Gélule gastrorésistante

ESOMEPRAZOLE BIOGARAN 40 mg

Remboursement sur ordonnance : 65%

Catégorie :Gastro-Entéro-Hépatologie

Principes actifs :Esoméprazole

Excipients : Contenu de la gélule :, Hypromellose, Polysorbate 80, Mannitol, Monoglycérides diacétylés, Talc, Triéthyle citrate, Macrogolglycérides stéariques, Sphères de sucre :, Saccharose, Amidon de maïs, Diméticone émulsion 35% :, Diméticone, Parahydroxybenzoate de propyle, Parahydroxybenzoate de méthyle, Sorbique acide, Sodium benzoate, Polyéthylèneglycol sorbitan monolaurate, Octylphénoxy-polyéthoxy-éthanol, Propylène glycol, Dispersion à 30% de copolymère de :, Méthacrylique acide, Ethyle acrylate, Copolymère de :, Méthacrylique acide, Ethyle acrylate, Sodium laurylsulfate, Polysorbate 80, Enveloppe de la gélule :, Fer oxyde, Gomme laque, Fer oxyde, Titane dioxyde, Gélatine

Notice

Indications thérapeutiques

Ce médicament est indiqué pour : Oesophagite érosive par reflux, Syndrome de Zollinger-Ellison, Hémorragie par ulcère gastrique ou duodénal

Posologie

Adulte . Syndrome de Zollinger-Ellison

1 gélule 2 fois par jour à avaler ou disperser dans 1/2 verre d'eau. Maximum 4 gélules par jour.

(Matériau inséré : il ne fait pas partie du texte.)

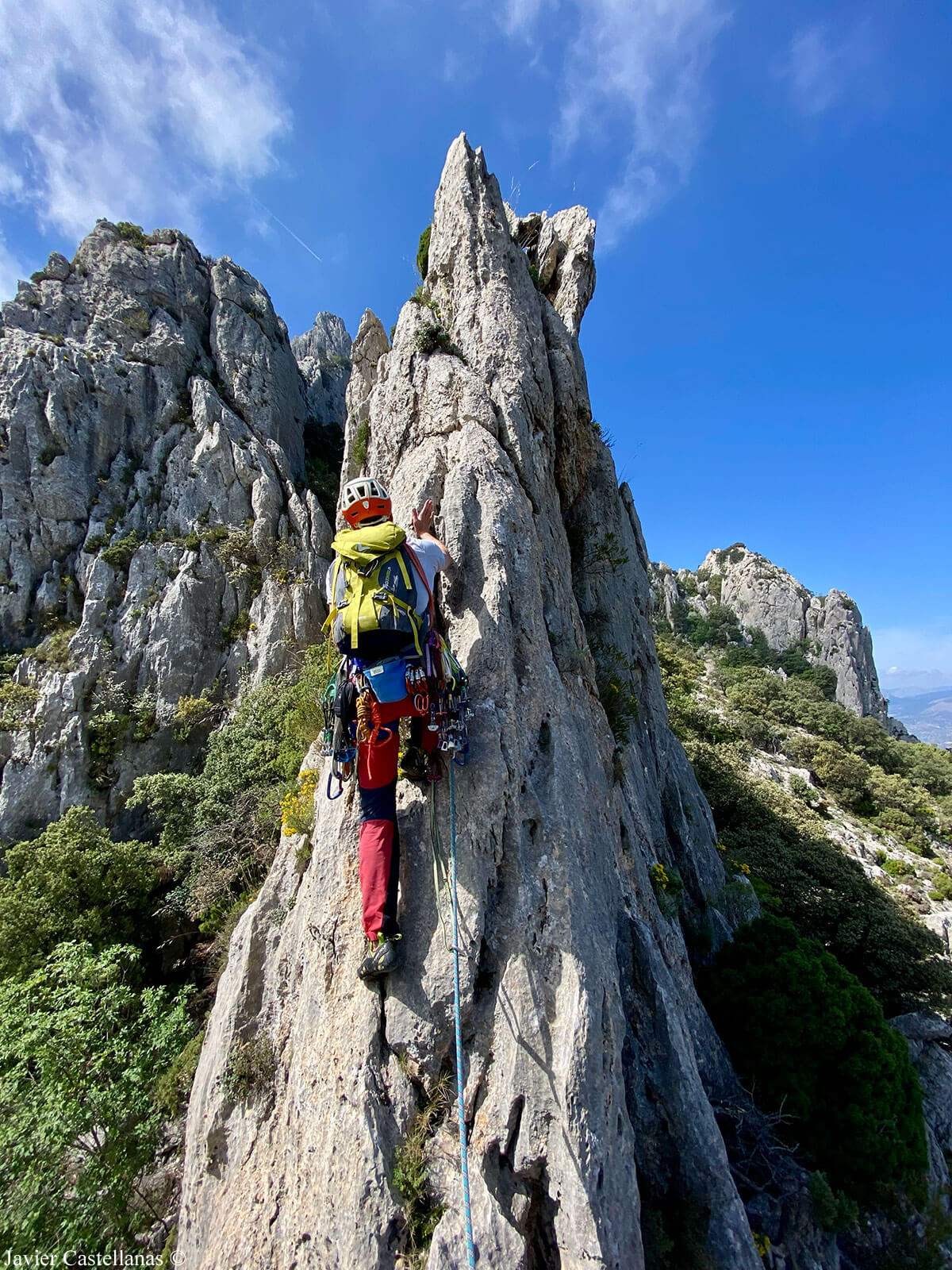 L2 (40 m, V+): Sigo como primero de cuerda. El inicio es por placa, para luego enlazar con una arista. Después hay que descender ligeramente para pasar por una curiosa brecha que separa dos agujas. No plantea más dificultad que alcanzar el otro lado, pero la altura del escalador es determinante, y a Javi le cuesta por este motivo.

Adulte . Traitement préventif. Hémorragie par ulcère gastrique ou duodénal

1 gélule 1 fois par jour à avaler ou disperser dans 1/2 verre d'eau pendant 4 semaines.

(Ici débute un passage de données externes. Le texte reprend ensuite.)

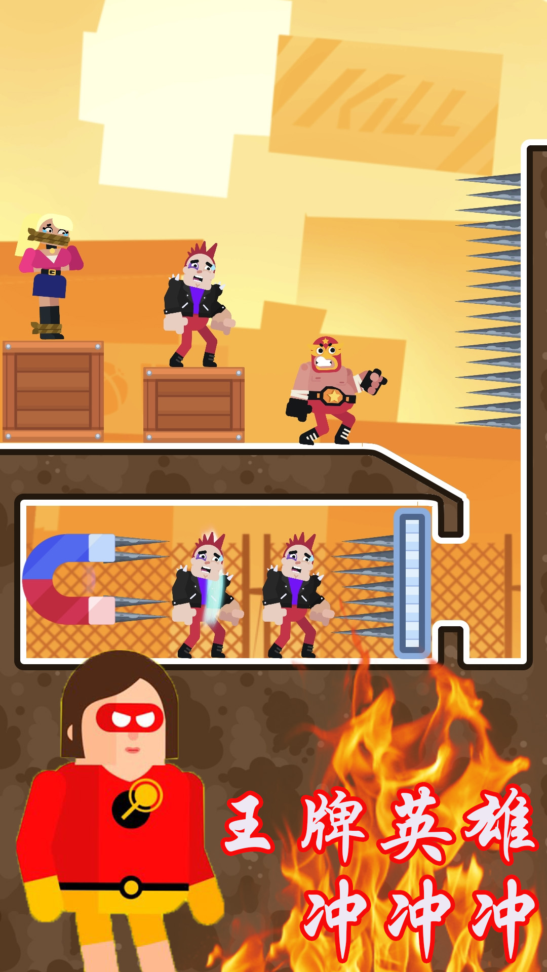 《王牌英雄冲冲冲》是一款充满欢乐与刺激的休闲竞技游戏,玩家将操控个性鲜明的英雄角色,在爆笑的闯关过程中展开激烈对决。游戏的核心玩法简单却充满策略性——你需要精准控制英雄的冲击方向,将对手撞出屏幕边界即可获胜。随着关卡推进,玩家可以解锁各种炫酷技能和特殊能力,搭配丰富的服装系统,打造独一无二的战斗风格。游戏采用夸张的物理引擎,让每一次碰撞都充满戏剧性效果,配合搞笑的角色动作和场景互动,为玩家带来持续不断的欢乐体验。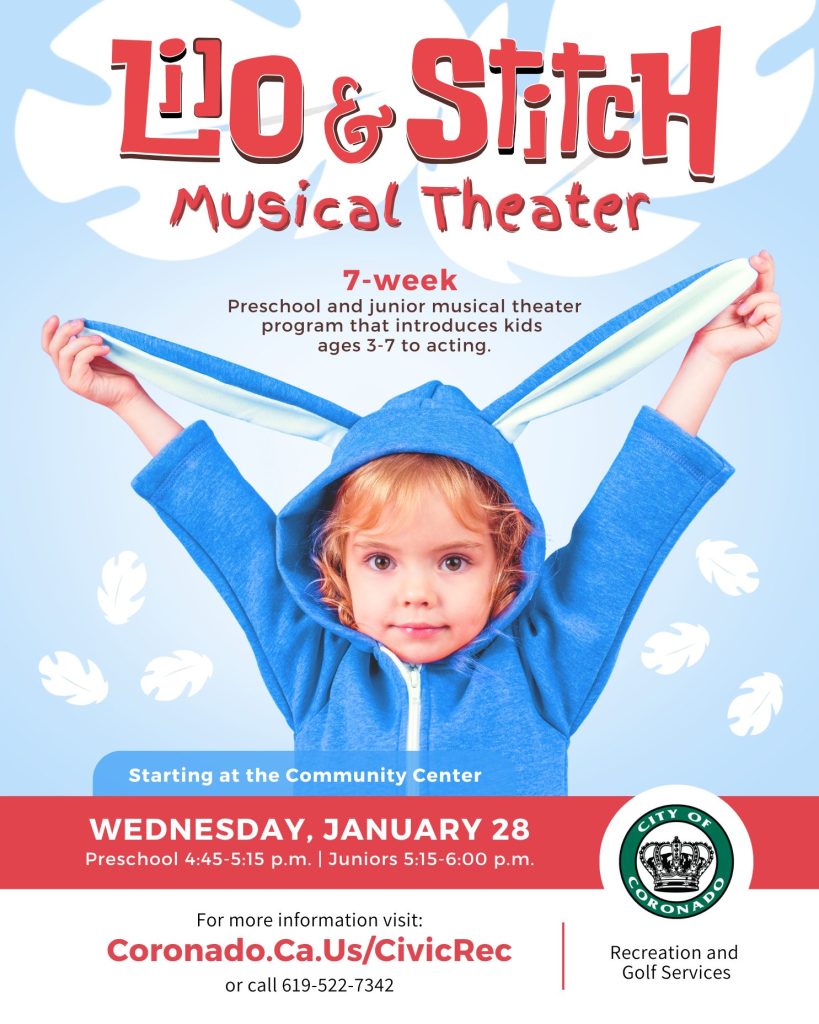 Bring the magic of Lilo and Stitch to life in our Preschool and Junior Musical Theater program at the Coronado Community Center.

Adulte - Enfant de plus de 12 ans . Oesophagite érosive par reflux (implicite)

1 gélule par jour à avaler ou disperser dans 1/2 verre d'eau pendant 8 semaines.

Administration

Voie orale.

Informations importantes

Contre-indication

Contre-indiqué dans les cas suivants: Enfant de moins de 12 ans, Allaitement, Insuffisance hépatique sévère, Intolérance au fructose, Syndrome de malabsorption du glucose, Syndrome de malabsorption du galactose, Déficit en sucrase-isomaltase

Effets indésirables

Résumé du profil de sécurité

Maux de tête, douleur abdominale, diarrhées et nausées sont, entre autres, les réactions qui ont été les plus fréquemment rapportées dans les études cliniques (et également lors de son utilisation en post-commercialisation). De plus, le profil de sécurité est similaire quel que soit la formulation, les indications de traitement, les groupes d'âge et les populations de patients. Aucune réaction indésirable liée à la dose n'a été identifiée.

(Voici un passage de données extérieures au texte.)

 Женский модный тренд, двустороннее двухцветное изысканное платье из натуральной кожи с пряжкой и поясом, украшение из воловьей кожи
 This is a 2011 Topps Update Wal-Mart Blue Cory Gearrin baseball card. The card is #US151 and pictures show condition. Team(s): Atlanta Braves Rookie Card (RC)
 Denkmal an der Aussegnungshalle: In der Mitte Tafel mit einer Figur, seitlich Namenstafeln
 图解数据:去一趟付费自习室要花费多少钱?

Tableau des effets indésirables

Les effets indésirables suivants ont été rapportés ou suspectés au cours des essais cliniques de l'ésoméprazole et depuis sa mise sur le marché. Aucun des effets n'a été dose-dépendant. Les effets indésirables sont classés par fréquence : très fréquent ≥ 1/10 ; fréquent ≥ 1/100 à < 1/10 ; peu fréquent ≥ 1/1000 à < 1/100 ; rare ≥ 1/10000 à < 1/1000 ; très rare < 1/10000 ; indéterminée (ne peut pas être estimée à partir des données disponibles).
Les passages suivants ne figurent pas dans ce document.